While explaining the problem, Pitts said that although the parish balances its books at the end of the year, which is another state requirement, “adjustments are not made in the interim period.”
He added when significant differences exist between payables and receivables from year to year, “the amount of funds that appear to be available or costs that appear to have been incurred can be distorted.
“Failure to recognize the effect of these differences can lead to variances between budgeted and actual activity,” he said. “Failure to amend budgets to recognize anticipated shortfalls or surpluses in funds prevents the governmental body from effectively curtailing or expanding projects and or services, in accordance with actual available resources.”
Pitts said his recommendation is that the council, “should fine tune its ongoing budget monitoring program to periodically consider accruals for major revenues and expenditures.”
He added that according to the budget ordinance, the parish administration needs to notify the council within 30 days of an actual account fluctuation when a budget is 5 percent up or down in expenditures.

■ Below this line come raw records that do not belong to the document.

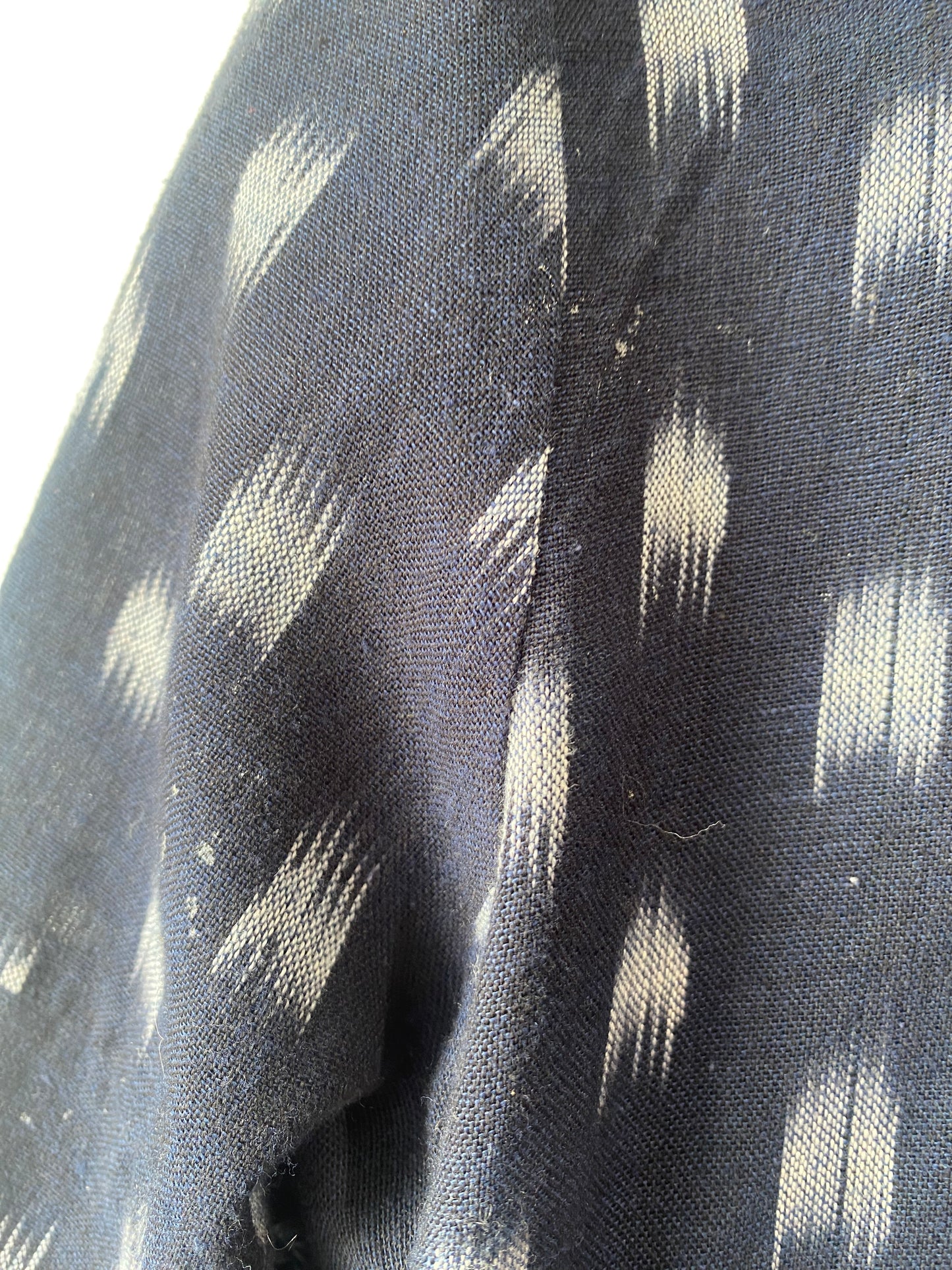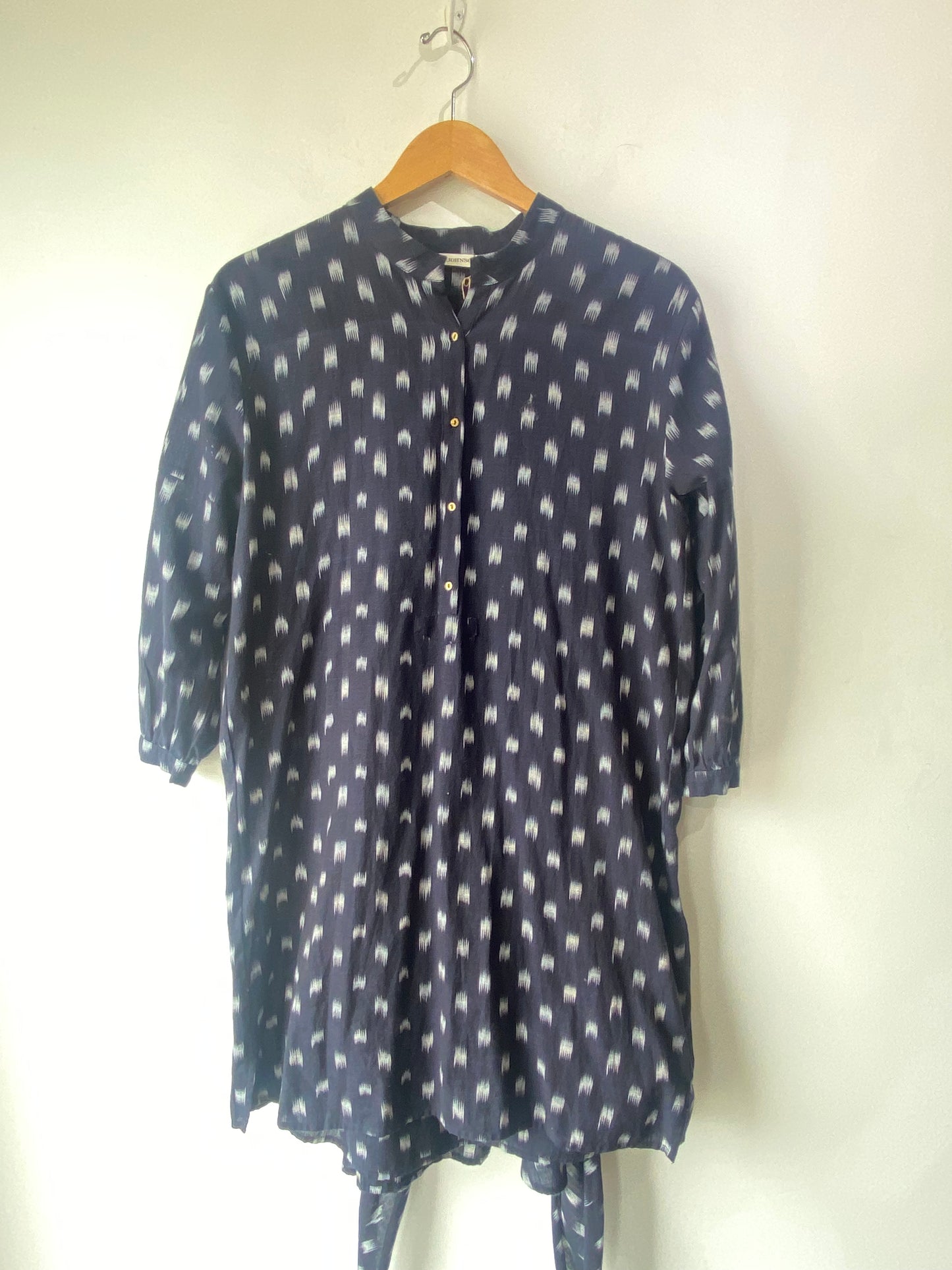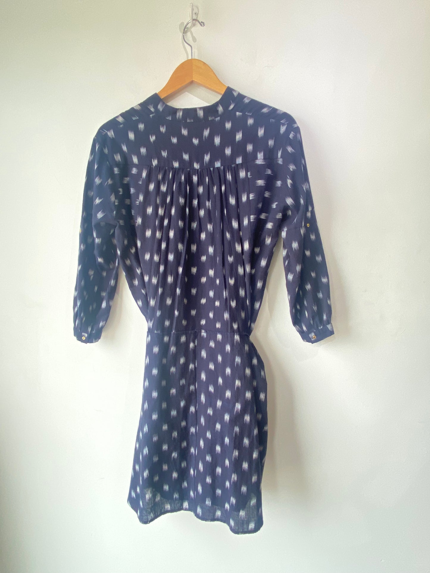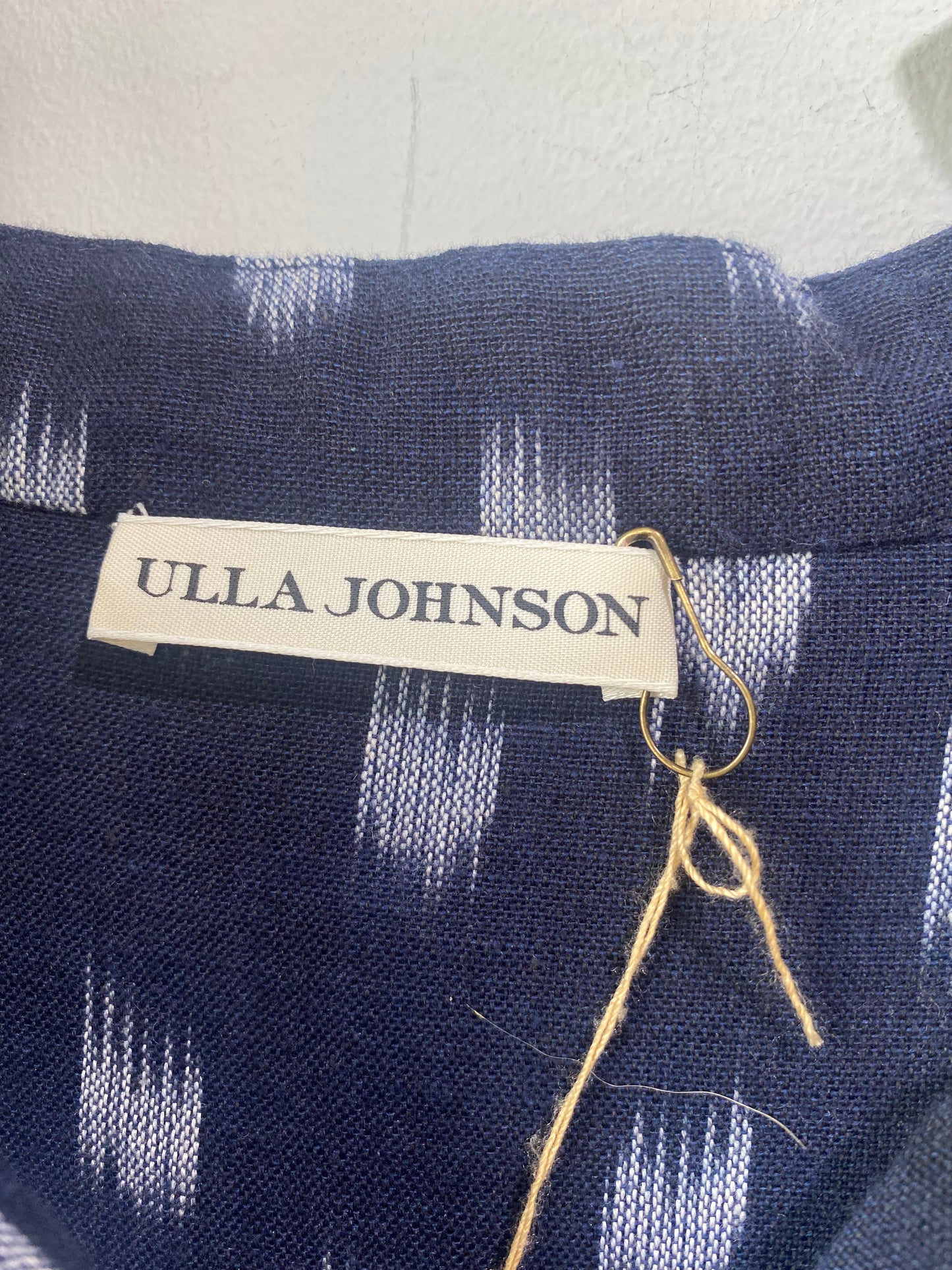Ulla Johnson Navy Batik Print Tie Dress! 100% cotton with long-sleeves, a crewneck collar, and buttons on the chest. Unlined. Made in India. Marked a size 2, fits a S/M. In overall excellent condition with minor marks on the front.
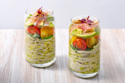 彩り野菜のバジル香るカフェ風もち麦パスタサラダ
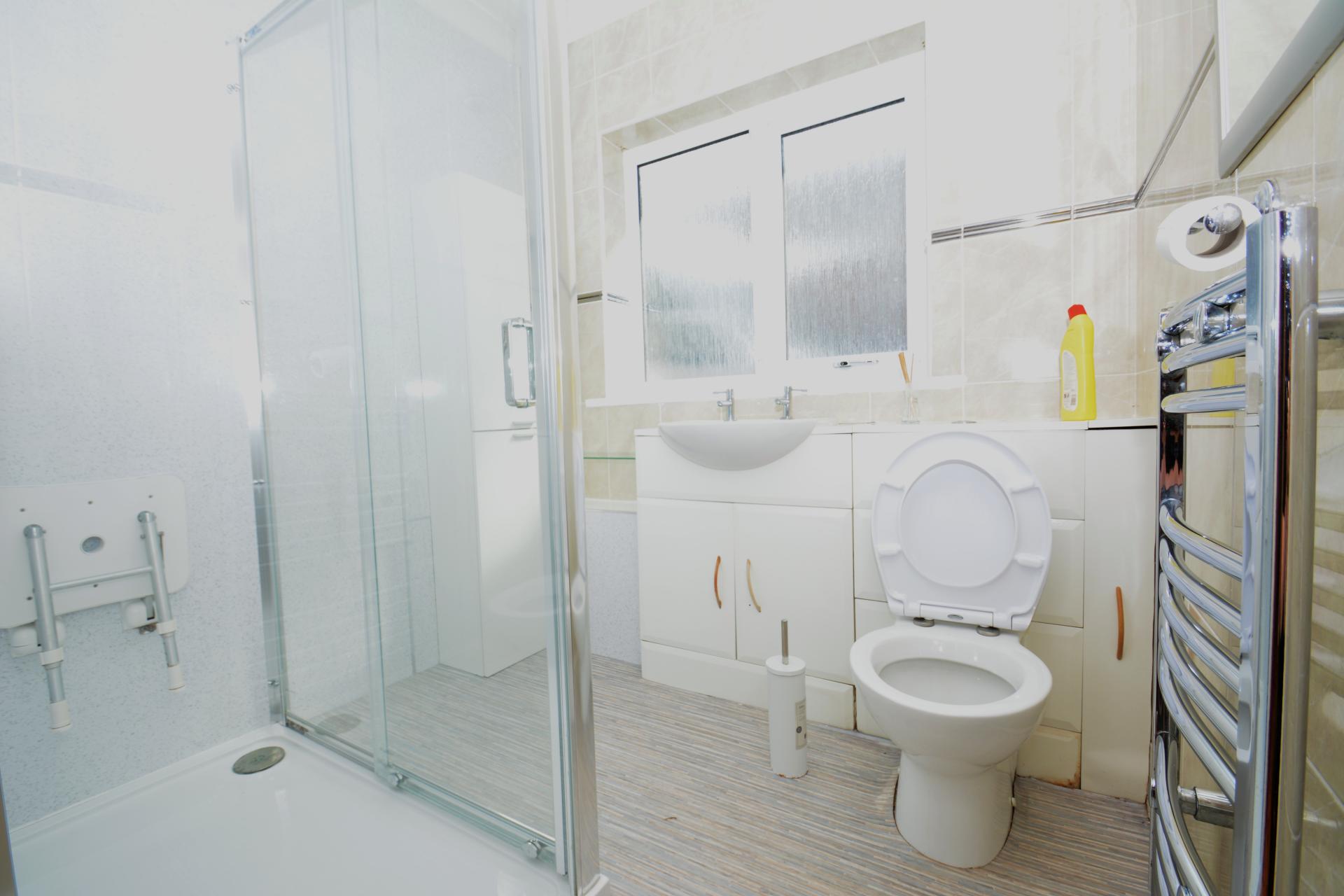 Double shower stall with mains shower, low level WC, vanity wash hand basin, vinyl floor, heated towel rail, double glazed window.
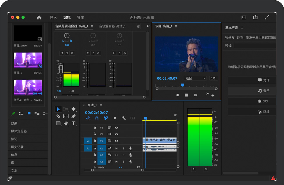 修剪模式下的播放循环选项“修剪”模式现在支持从播放指示器所在位置开始循环回放,而不是从最近的编辑点开始。 | 重新混合的进度指示器“重新混合”可智能调整歌曲时间,使音乐和视频相匹配。在对音频剪辑应用“重新混合”时,新的进度指示器会显示“重新混合”正在分析剪辑。 | 对Sony Venice 2摄像机的支持Premiere Pro现在支持Sony VENICE 2摄像机文件格式。 |
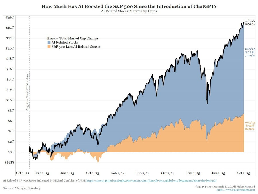 챗GPT 출시 이후 S&P 500 시가 총액 증가분 중 AI 관련주의 비중이 70%에 달함

He said notification was not made and the following budgets were not amended in many instances, even detailing specific situations he’d seen throughout the year.
In one occurrence, the following actual revenues exceeded their budgeted revenues by 5 percent or more: the DWI Court Patient Fee Fund was budgeted for $910 but collected revenues for $5,652; the Marcel Boat Landing Fund was budgeted for $8,100 but collected $9,386; the Wards 1, 2, 3, 4, 7 and 10 Sales’ Tax Fund was budgeted for $331,400 but the revenues collected were $361,570; and the DWI Court was budgeted for $134,060, but revenues collected were $141,571.
In other funds, Pitts found that actual revenues were more than 5 percent below budgeted revenues: the Road Construction and Maintenance Fund, $3.35 million collected vs. $3.65 million budgeted; the Housing Program, $388,295 collected, vs. $428,000 budgeted; and the Job Readiness Program, $102,240 collected versus $141,000 budgeted.
Pitts said in the following funds, actual expenditures were less than budgeted expenditures by 5 percent or more: Wards 1,2,3,4,7 and 10 Sales Tax Fund, $475,260 collected vs. $526,328 budgeted; the Job Readiness Fund $94,458 collected vs. $103,696 budgeted, and the Quintana Boat Landing Fund, $163,832 was collected versus $174,788 budgeted.
Aside from the council’s spending successes and failures, Pitts said during the course of the audit, he noted certain funds had deficit fund balances at the end of 2010.
“State statue prohibits expending amounts in excess of fund balance, revenues and other financing sources,” he said.
He said the following individual funds were in violation because of these deficit balances: the Capital Improvement Fund, $690,681; the Road Construction and Maintenance Fund, $275,156; the Jail Operating and Maintenance Fund, $84,177; the DWI Court, $19,005, and the Jesse Fontenot Memorial Boat Landing Fund, $697.
The St. Mary Parish Council, along with other parish governmental bodies across the state, is required by law to hire an independent auditor to perform an annual audit on all of its books.
All audits, both in St. Mary Parish and statewide, are then submitted to the Louisiana State Legislative Auditor, Daryl Purpera.
In response to the audit, St. Mary Parish’s Director of Finance Paul Governale sent a letter to Purpera, which said that, “Although there have been some improvements in budget monitoring, the timing of presentation and adoption by the council of the amended budget ordinance continue to make year-end estimates difficult to predict.”
Also, Governale said budget variances will continue to be monitored on a monthly basis.
Budget adjustments will be recommended to the council when variances exceed the percentages as specified in the budget ordinance.
He said the deficits would be funded either by future revenues or transfers from the general fund. The deficit in the DWI Court Fund will be funded either by future revenues or transfers from the DWI Patient Fee Fund, and the deficit in the Jesse Fontenot Memorial Boat Landing Fund will be funded by future revenues.